All research involving human subjects requires review by the Human Subjects Division (HSD). If training grant funding will support trainees who will do work involving human subjects, the grant PI must provide any formal documentation about human subjects approval (such as a Delayed Onset Human Research determination from HSD) that is required by the funding agency. However, if the documentation is not required by the funding agency, OSP can release the funding if the PI provides OSP with an assurance that no human subjects research will occur with IRB approval.
If a DOHR was required for the initial year of funding, a renewal of the DOHR at the end of the year is required only if the funding agency requires it.
After undergoing review by HSD, the DOHR determination for the institutional training grant is renewed based on the updated information.
Progress Reports and Continuation Funding
The progress report typically includes all protocol numbers for a faculty mentor’s research under which a trainee participates. Because NIH may ask for this information, early collection and updating of all relevant IRB protocol numbers is recommended. Due to database limitations, HSD is not able to provide this information to the PI. When the continuation funding is received by OSP they will verify that the DOHR determination is current.
Human Subjects Training
Individuals who are engaged in research that involves human subjects must complete training on the Protection of Human Research Subjects (PHRS). The requirement is described on the HSD training webpage.
If, at the proposal stage, animal involvement is anticipated within the period of award, but plans are indefinite and it is not possible to describe the use of animals, the PI checks “Yes” to animal use and in the Research Plan, Item 12, provides an explanation and when it is anticipated that animals will be used.

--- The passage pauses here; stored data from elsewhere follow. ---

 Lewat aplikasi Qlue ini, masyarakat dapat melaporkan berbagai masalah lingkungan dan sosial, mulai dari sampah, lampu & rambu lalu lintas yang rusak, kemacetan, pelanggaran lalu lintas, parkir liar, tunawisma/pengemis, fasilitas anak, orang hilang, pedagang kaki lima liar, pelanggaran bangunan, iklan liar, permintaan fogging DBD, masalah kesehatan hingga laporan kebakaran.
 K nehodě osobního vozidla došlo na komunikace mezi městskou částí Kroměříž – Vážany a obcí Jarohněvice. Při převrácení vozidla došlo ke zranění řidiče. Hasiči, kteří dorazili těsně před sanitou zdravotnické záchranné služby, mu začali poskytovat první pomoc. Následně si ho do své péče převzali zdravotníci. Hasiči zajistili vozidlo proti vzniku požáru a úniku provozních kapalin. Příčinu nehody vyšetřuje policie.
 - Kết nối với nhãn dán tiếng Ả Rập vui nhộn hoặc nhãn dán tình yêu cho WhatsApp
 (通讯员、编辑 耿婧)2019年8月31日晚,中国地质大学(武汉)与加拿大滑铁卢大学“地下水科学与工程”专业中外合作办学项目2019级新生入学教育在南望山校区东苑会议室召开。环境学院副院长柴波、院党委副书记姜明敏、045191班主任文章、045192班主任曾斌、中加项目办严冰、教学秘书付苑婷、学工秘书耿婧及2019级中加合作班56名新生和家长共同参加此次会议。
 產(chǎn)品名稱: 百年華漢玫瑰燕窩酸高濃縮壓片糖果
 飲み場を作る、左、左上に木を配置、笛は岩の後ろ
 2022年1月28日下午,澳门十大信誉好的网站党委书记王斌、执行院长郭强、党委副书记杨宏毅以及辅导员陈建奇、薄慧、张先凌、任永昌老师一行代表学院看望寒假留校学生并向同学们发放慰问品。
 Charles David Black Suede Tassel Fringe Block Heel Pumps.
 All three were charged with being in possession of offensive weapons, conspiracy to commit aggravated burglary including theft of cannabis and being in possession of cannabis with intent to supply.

Before activities with animals begin, the applicant must provide all of the information required by 5.5, Research Plan, Item 12, Vertebrate Animals, with verification of current IACUC approval, to the awarding component for prior approval. IACUC approval must have occurred within the past three years to be considered current.
If a PI does want to include in the grant proposal a list of the faculty mentors who might take trainees and the associated IACUC (Institutional Animal Care and Use Committee) protocol numbers and approval dates, the PI ensures that the Office of Animal Welfare (OAW) is able to review the institutional training grant proposal alongside the listed protocols before the proposal is finalized and submitted.

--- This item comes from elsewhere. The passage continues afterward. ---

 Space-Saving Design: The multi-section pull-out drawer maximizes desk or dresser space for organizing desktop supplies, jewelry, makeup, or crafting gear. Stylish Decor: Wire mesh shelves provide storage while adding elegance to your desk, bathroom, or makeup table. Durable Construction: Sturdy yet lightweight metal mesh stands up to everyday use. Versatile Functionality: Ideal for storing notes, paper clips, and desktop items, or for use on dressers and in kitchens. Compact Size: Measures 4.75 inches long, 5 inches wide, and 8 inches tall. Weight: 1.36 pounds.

Once the PI has a potentially fundable score, the PI needs to provide OAW:
- a copy of the proposal
- a copy of the eGC1 (or simply add “animal subjects” as a watcher in SAGE)
- a list of the pertinent IACUC protocols
- new IACUC protocol requests if needed, or changes to approved protocols that are necessary for covering the work described in the proposal
If OAW reviewed the proposal at submission time per a PI request, then at the time of fundable score, notify OAW and they will update the approval dates or list and provide a letter.
Protocol Numbers for Noncompeting Continuation Progress Reports
As part of the non-competing progress report for continuation funding, NIH requires the identification of, and IACUC review dates for, NRSA institutional grants. NIH specifies that Identification means grant number, PI, and project title. In addition to the NIH required information, OSP requires PIs to provide UW protocol numbers when completing the new eCG1 that is part of the progress report.
The eGC1 for the progress report must include all IACUC protocol numbers for a faculty mentor’s research under which a trainee has participated in the last year, or will participate in during the next award period. Early collection and updating of all relevant IACUC protocol numbers and approval dates is recommended. It is a good idea to maintain a spreadsheet with all protocol numbers recorded.
Animal Use Training Program
For individuals who will be engaged in research that involves animals, the mentor submits a request to the IACUC to add the trainee to their protocol. Certain training requirements and enrollment in the Occupational Health Program for animal users must be completed prior to approval to work with animals. Contact OAW staff for advice regarding specific courses and/or certifications needed for the planned animal work.
Financial Conflict of Interest (FCOI)
At the proposal stage of PHS training grants, the PI and all UW personnel who have been designated as Investigators by the PI must complete the UW online FCOI training and disclose all of their financial interests that qualify as Significant Financial Interests (SFIs) in the UW Financial Interest Disclosure System (FIDS).
It may not be possible at the proposal stage to individually identify all of the personnel who will be responsible for the design, conduct or reporting of research under the training grant (the definition of “Investigator”). While many potential faculty mentors may be listed in the proposal, some may never be involved in any research under the training grant. And while the proposal may request funding for a specific number of trainees, those trainees may not have been individually identified at the proposal stage. Likewise, it may not be possible at this stage for the PI to identify who might be an Investigator once an award is made and trainees are appointed.
At the time of award, the PI and all UW personnel who have been designated as Investigators by the PI must have completed training, disclosed their SFIs, and be subject to a financial conflict of interest management plan where necessary before they may be paid from, or begin research under, the training grant.
Regardless of an individual’s designation as an Investigator on the training grant, all research projects conducted under the training grant (by trainees and their mentors) must have been reviewed for financial conflict of interest and had management plans established, where necessary, as described in GIM 10 “Financial Conflict of Interest Policy.”